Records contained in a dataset
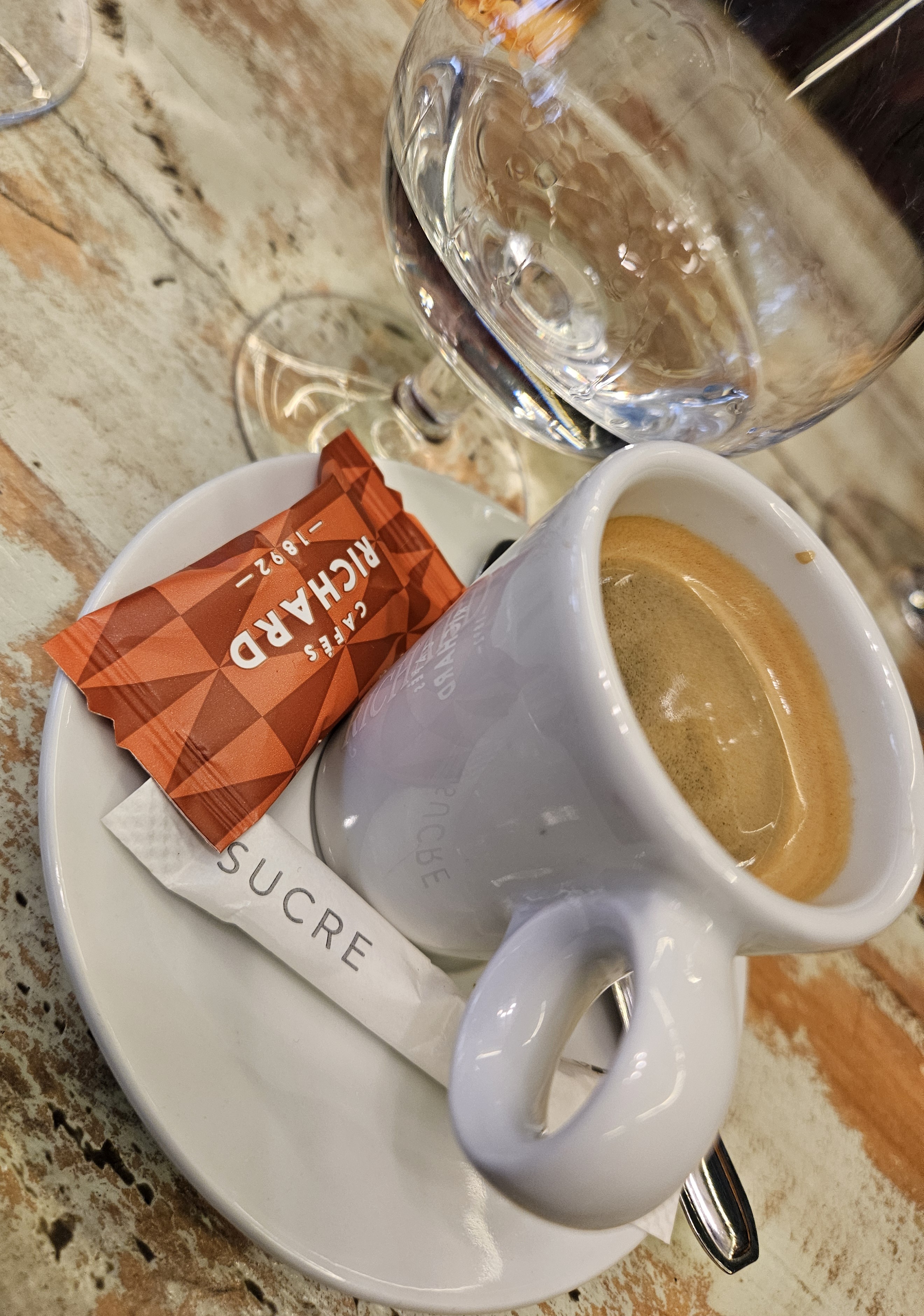 Quand vous commandez un café dans cette brasserie, c'est un café ☕ et c'est tout. Dans la majorité des brasseries parisiennes chaque café est servi avec un verre d'eau. A cet endroit, c'est just et ça fait un peu radin.
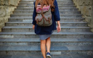 Student girl with a backpack climbing stairs
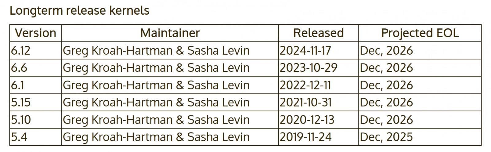 Jádro 6.12 se včera stalo oficiálně LTS jádrem s dlouhou podporou. Podpora je zatím plánována jen na dva roky do prosince 2026. Pak záleží na podpoře a zájmu dodavatelů a výrobců hardware i software.
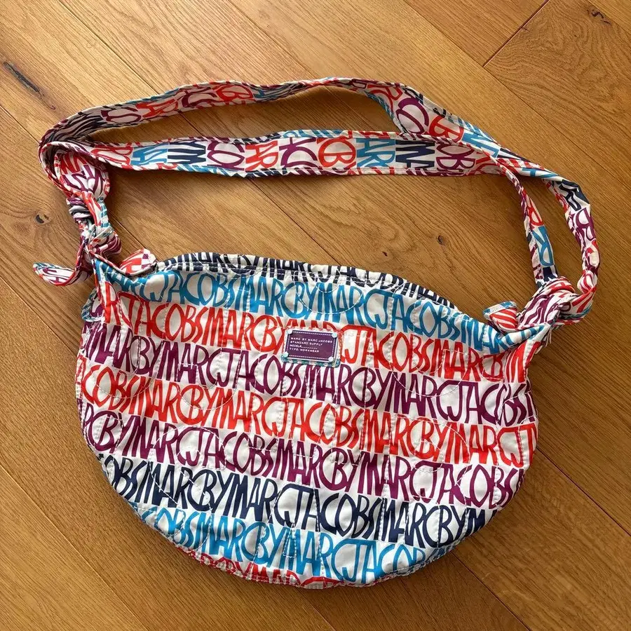 멀티 컬러 로고 프린트가 특징인 숄더백.
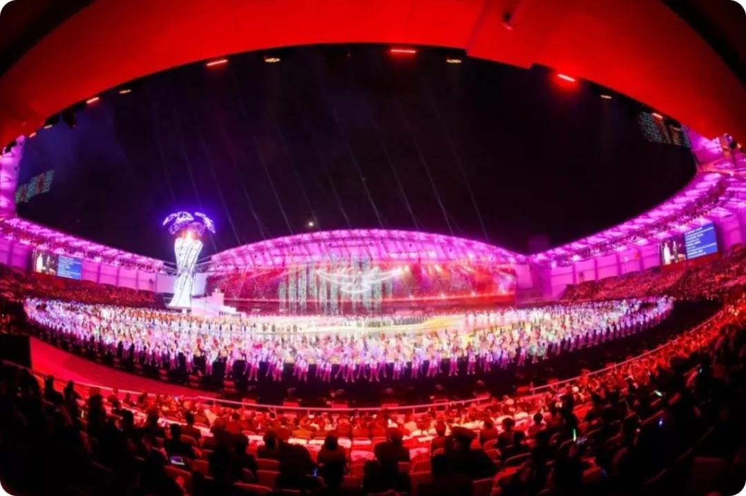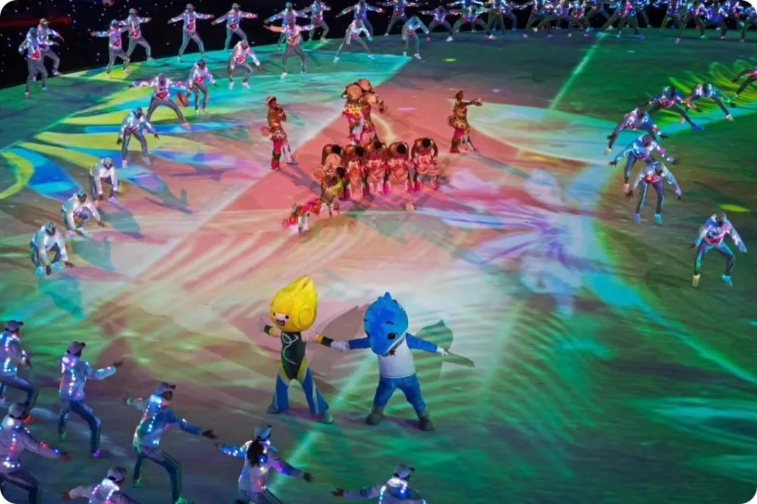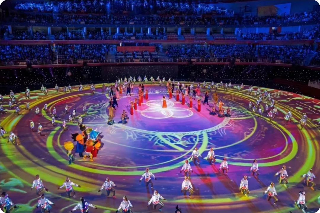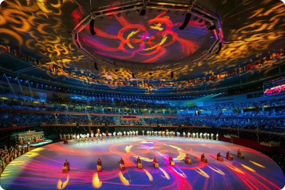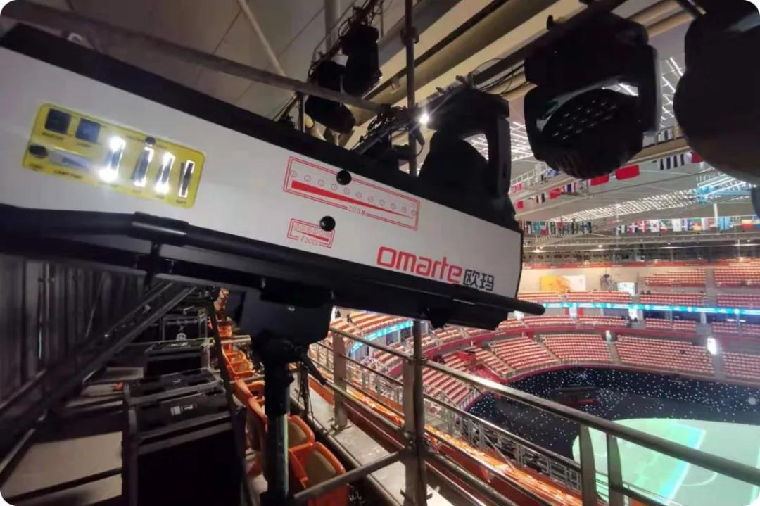 閉幕式的文藝表演晚會,歐瑪LED電腦切割燈(Ares-P7)和LED染色燈(Eos-B19)以其高亮度、低能耗華麗綻放于場館中心位置。追光燈(GATLING1500)更是身經百戰,以高穩定性聞名,一直以來深得客戶信賴。此次歐瑪燈光大力增色這場充滿活力的聯歡,讓現場的視覺效果依然磅礴大氣,依然最炫聲光電。
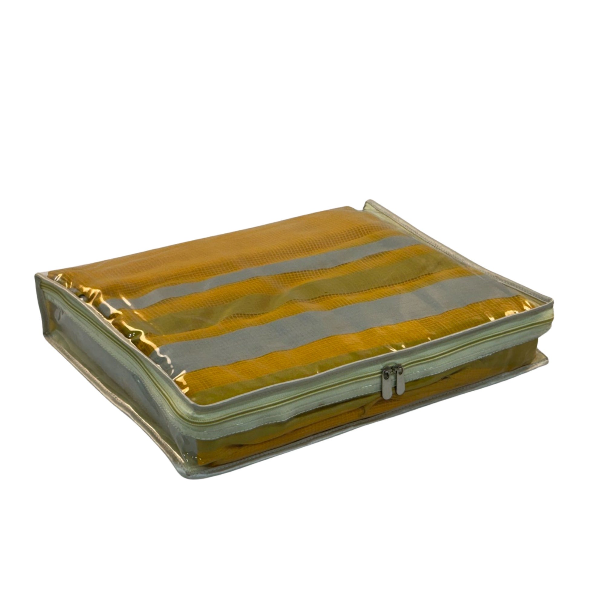 Keep your set of saree, blouse and petticoat together with our saree organizer , use these for traveling or for keeping your wardrobe organized. You can also keep two saree together with this organiser.Keep your sarees organized and protected from dust and dirt with this must-have accessory
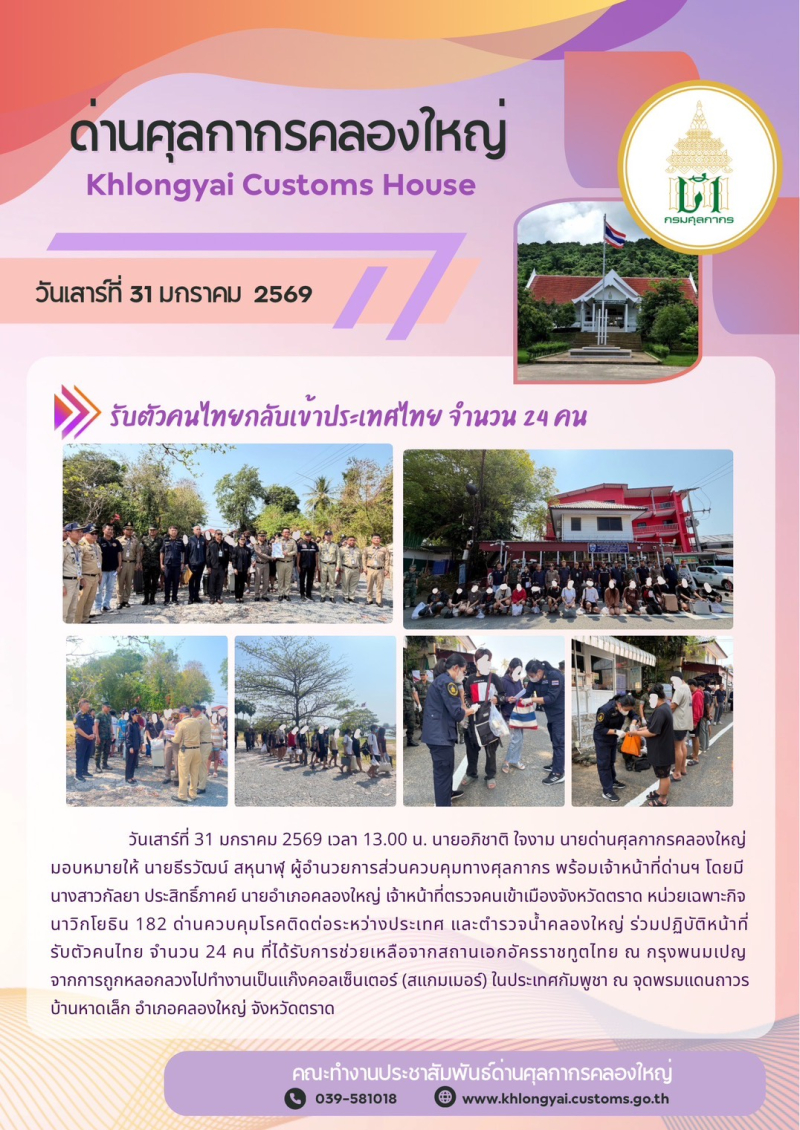 ด่านฯ คลองใหญ่ ร่วมปฏิบัติหน้าที่รับตัวคนไทยที่ได้รับการช่วยเหลือจากสถานเอกอัครราชทูตไทย ณ กรุงพนมเปญ

— TASK TO CARRY OUT —
Output the data verbatim, images excluded.

— OUTPUT OF THE TASK —
 Quand vous commandez un café dans cette brasserie, c'est un café ☕ et c'est tout. Dans la majorité des brasseries parisiennes chaque café est servi avec un verre d'eau. A cet endroit, c'est just et ça fait un peu radin.
 Student girl with a backpack climbing stairs
 Jádro 6.12 se včera stalo oficiálně LTS jádrem s dlouhou podporou. Podpora je zatím plánována jen na dva roky do prosince 2026. Pak záleží na podpoře a zájmu dodavatelů a výrobců hardware i software.
 멀티 컬러 로고 프린트가 특징인 숄더백.
 閉幕式的文藝表演晚會,歐瑪LED電腦切割燈(Ares-P7)和LED染色燈(Eos-B19)以其高亮度、低能耗華麗綻放于場館中心位置。追光燈(GATLING1500)更是身經百戰,以高穩定性聞名,一直以來深得客戶信賴。此次歐瑪燈光大力增色這場充滿活力的聯歡,讓現場的視覺效果依然磅礴大氣,依然最炫聲光電。
 Keep your set of saree, blouse and petticoat together with our saree organizer , use these for traveling or for keeping your wardrobe organized. You can also keep two saree together with this organiser.Keep your sarees organized and protected from dust and dirt with this must-have accessory
 ด่านฯ คลองใหญ่ ร่วมปฏิบัติหน้าที่รับตัวคนไทยที่ได้รับการช่วยเหลือจากสถานเอกอัครราชทูตไทย ณ กรุงพนมเปญ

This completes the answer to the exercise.